Melanocytes are easily observed in culture using a simple inverted scope thanks to the presence of melanin pigments.¹³ They can also be detected using the classic Hematoxylin and Eosin staining that helps evaluate the physiological status of the cells. More specific or specialized staining procedures can be employed, such as the one using L-DOPA, a substrate of Tyrosinase that allows the detection of the enzyme either within the cells¹³ or in gels after western blotting.¹⁴ Positive expression of melanogenic proteins (Tyrosinase, Tyrosinase related protein-1, Dopachrome tautomerase, etc.) is also frequently used to demonstrate any effects compounds may have on these enzymes, and to provide support of their potential impact on the overall production of melanin.¹⁵ Fontana-Masson is a specialized stain for melanin, frequently used by researchers to investigate the distribution of melanin granules either in melanocyte cultures, skin explants, or reconstructed pigmented tissue models.¹⁶ All these assays are helpful to the cosmetic chemist in gaining valuable information about the possible mechanism of action of the molecules of interest. Shading light on the potential mechanism (or factors involved in it) provides a huge advantage in the claims made as part of the marketing presentation of finished products.

Types of Melanin and its Protective Roles
As mentioned above, there are two types of melanin in the human skin, the black/brown eumelanins and red/yellow pheomelanins, which exhibit distinct physical and biological properties.^17,18 Eumelanin has a higher resistance to degradation and greater ability to neutralize reactive oxygen species (ROS) compared to pheomelanin, and therefore is attributed to photoprotection properties. As already discussed, despite the wide diversity of tones observed in the human race, the density of melanocytes in all types of skin is virtually identical.^2,3 Therefore, we must admit that the differences in skin color depend on the amount of melanin produced, the efficiency of its transfer from melanocytes to keratinocytes, and the ratio of pheomelanin to eumelanin synthesized.^19-21

Jablonski and Chaplin argue that during human evolution and dispersion across the globe, dark, photoprotective eumelanin pigmentation was selected as an adaptation to harsh UV radiation around the equator, considered to be of survival value to prevent loss of folic acid.²² In the low-UV regions, eumelanin and lighter skin evolved to allow for the synthesis of vitamin D in skin. While the limits of UV protection by melanin have been debated, it is generally accepted that the "microparasols" of melanin above the nuclei of basal epidermal layer (Figure 3b) provide a degree of protection to the DNA from UV radiation. Seasonal tanning of skin is also an indication of the protective value of melanin, as it is part of the skin’s interrelated defensive barriers.

Signaling Molecules, Hormones, and Cytokines that Modulate Melanocyte Function
The complexity of the melanogenic pathway relies on multiple factors acting in a highly regulated way to keep the process working within physiological parameters.

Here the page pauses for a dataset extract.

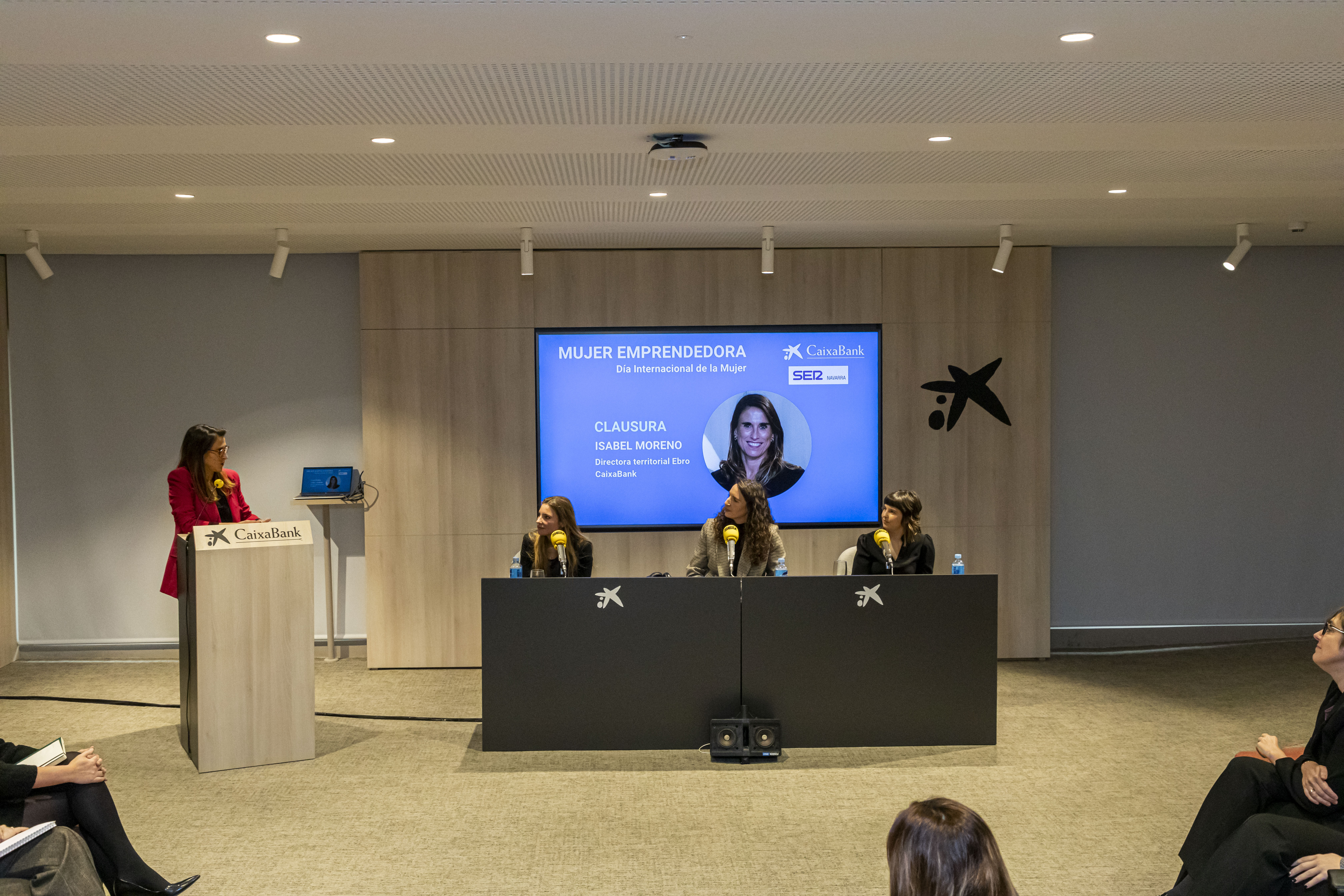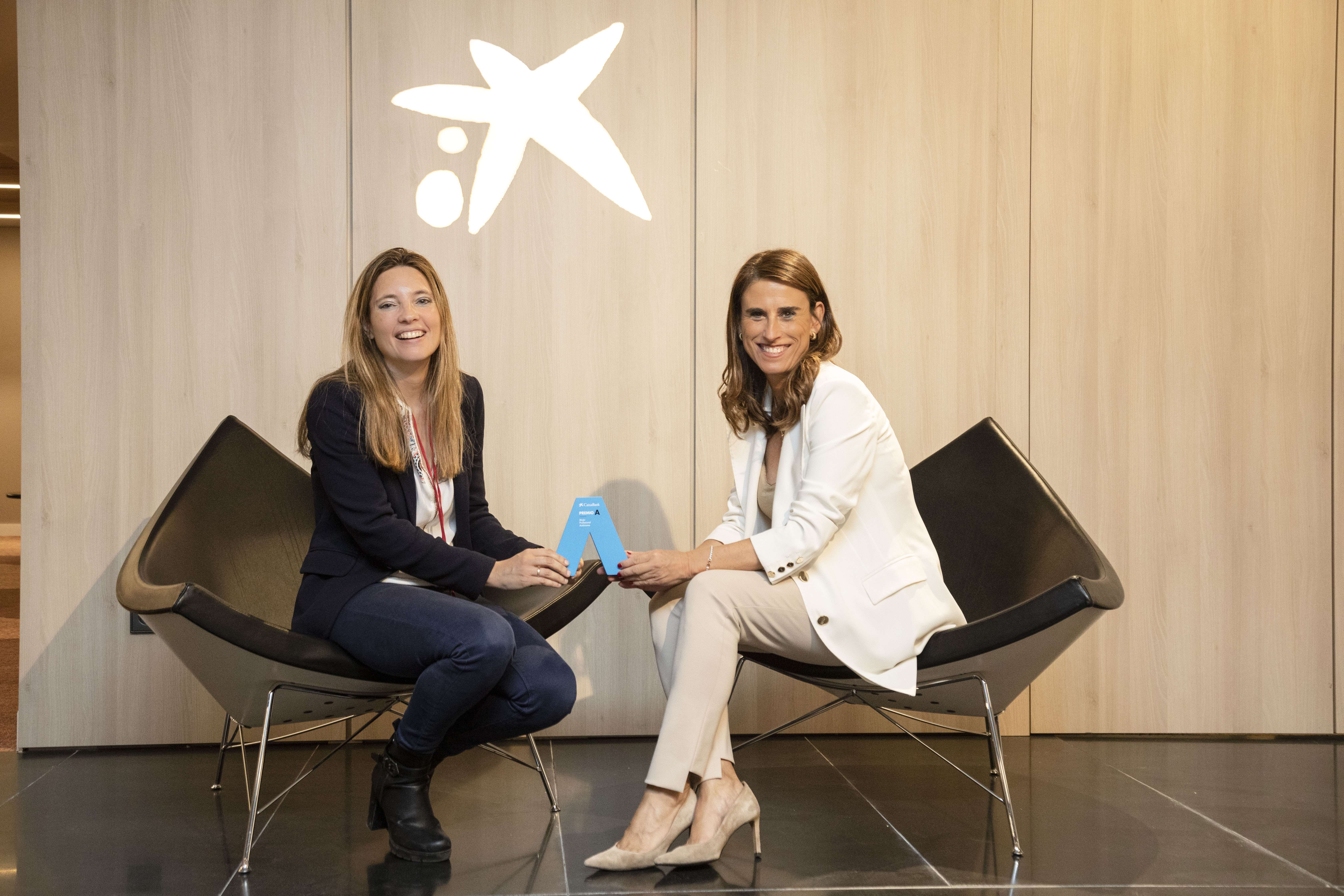 De izquierda a derecha: Elena Moreno junto a Isabel Moreno, directora territorial Ebro de CaixaBank en la entrega del Premio A.
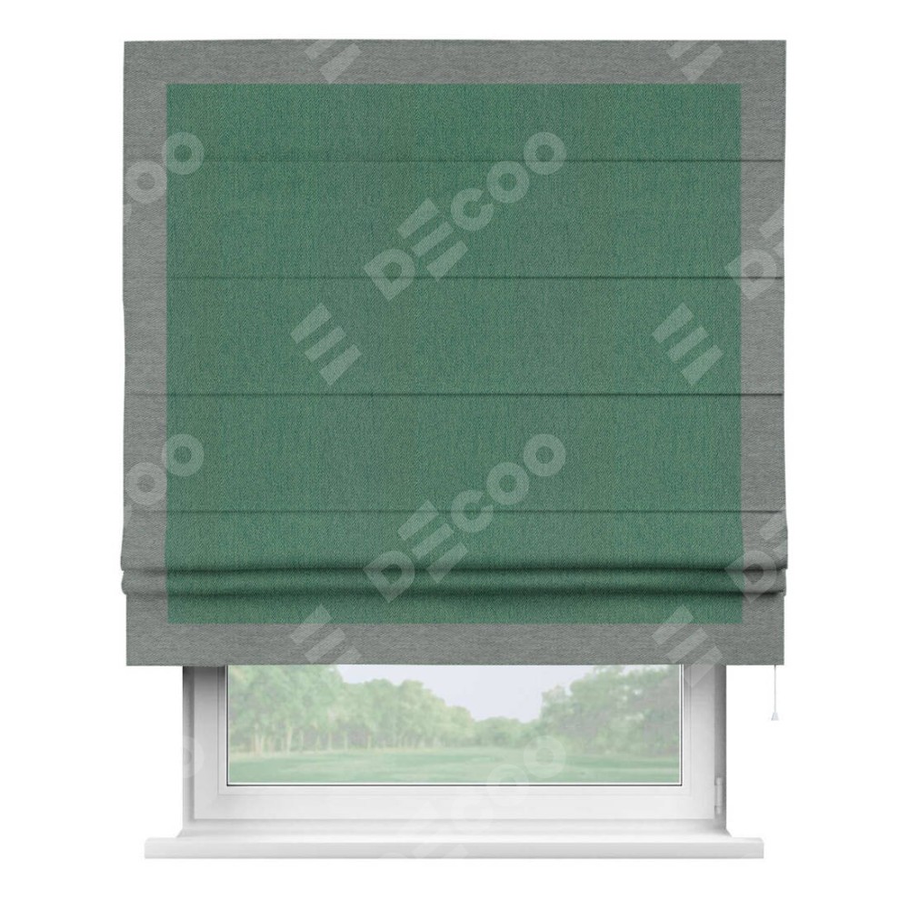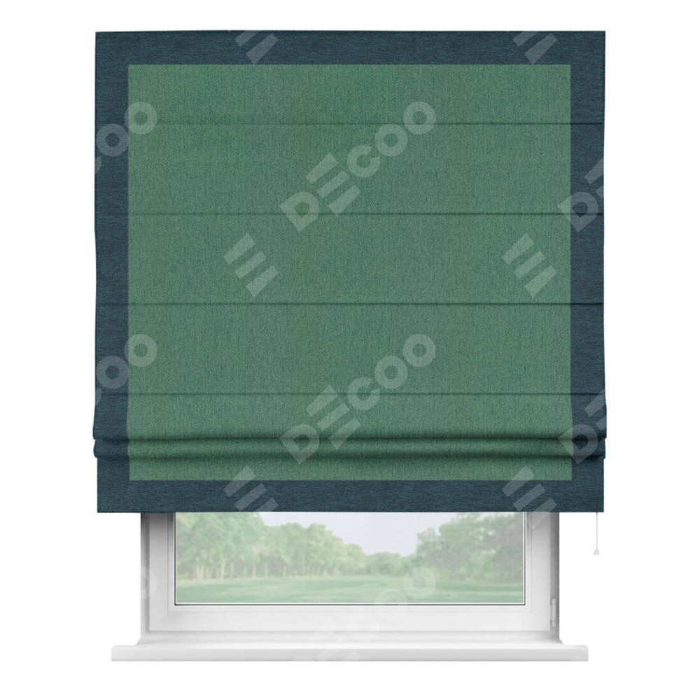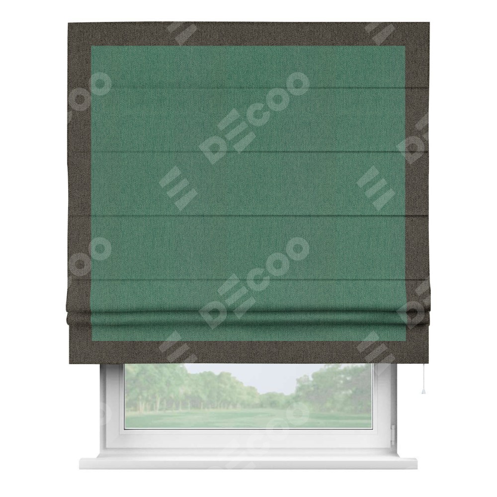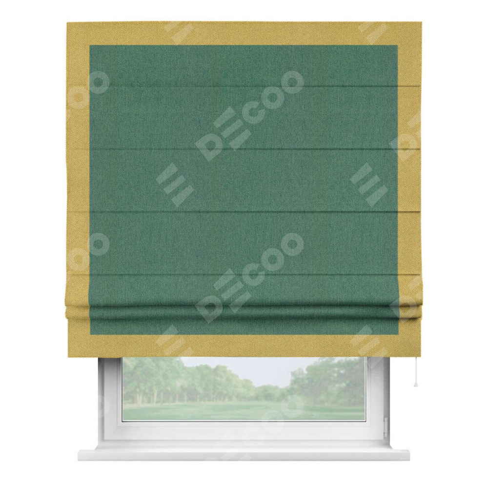 Римская штора «Кортин» с кантом Чесс, для проема, ткань твид блэкаут, зелёный

Melanocytes are sensitive and highly responsive to their environment and modulate the levels of melanin production or proliferation according to extrinsic signals (such as UV) or intrinsic factors self-produced or derived from other cell types in the skin.^10,23

As an extrinsic factor that skin comes in contact with constantly, UV has been investigated extensively and it is now known that it can act directly on melanocytes or can influence their activity by signaling through factors produced by keratinocytes. Following UV exposure, melanocytes over-express key enzymes involved in the melanogenic pathway, Tyrosinase,Tyrosinase related protein 1, and Dopachrome tautomerase.^21,24 Furthermore, the oncogene p53 is over-expressed in keratinocytes, which directly stimulates the production of multiple factors that can then act in a paracrine manner to stimulate melanocyte function through receptor-mediated signaling pathways. Finally, UV facilitates the distribution of melanin to the supranuclear areas of the keratinocytes to protect them against DNA damage, and to the upper epidermis to protect the lower epidermis, which hosts melanocyte and keratinocyte stem cells.²⁵

Among the intrinsic factors modulating the melanocyte functions, it is worth mentioning the following especially since some of them are key components of culture media for melanocyte cultures (discussed later in this article).

Factors synthesized in/secreted by melanocytes:
1. Enzymes involved in the melanogenic pathway and located in melanocytes (Figure 2).
2. Proteins with supportive roles in the melanin biosynthesis pathway: ocular albinism (OA)1 protein, P protein, membrane-associated transporter protein (MATP), copper-transporting P-type ATPase (ATP7A or Menkes protein) and biogenesis of lysosome-related organelles complex 1 (BLOC-1).²⁶
3. Structural components within melanosomes: Pmel17/gp100/silver protein, whose sorting involves adaptor protein 1A (AP1A), AP1B, AP2, and spectrin, and chaperone-like component melanoma antigen recognized by T-cells 1 (MART-1), which plays structural roles in melanosome maturation.^27-29
4. Factors implicated in melanosomes movement and transfer to keratinocytes: microtubules, dynein, kinesin, actin filaments, Rab27a, melanophilin, myosin Va, and Slp2-a.
5. Transcription factors: among those, microphthalmia-associated transcription factor (MITF) plays a key role in the regulation of melanogenic proteins expression; other transcription factors of importance are paired box (PAX) 3, SRY-Box (SOX)9/10, and T-cell factor/lymphoid enhancer factor (TCF/LEF-1).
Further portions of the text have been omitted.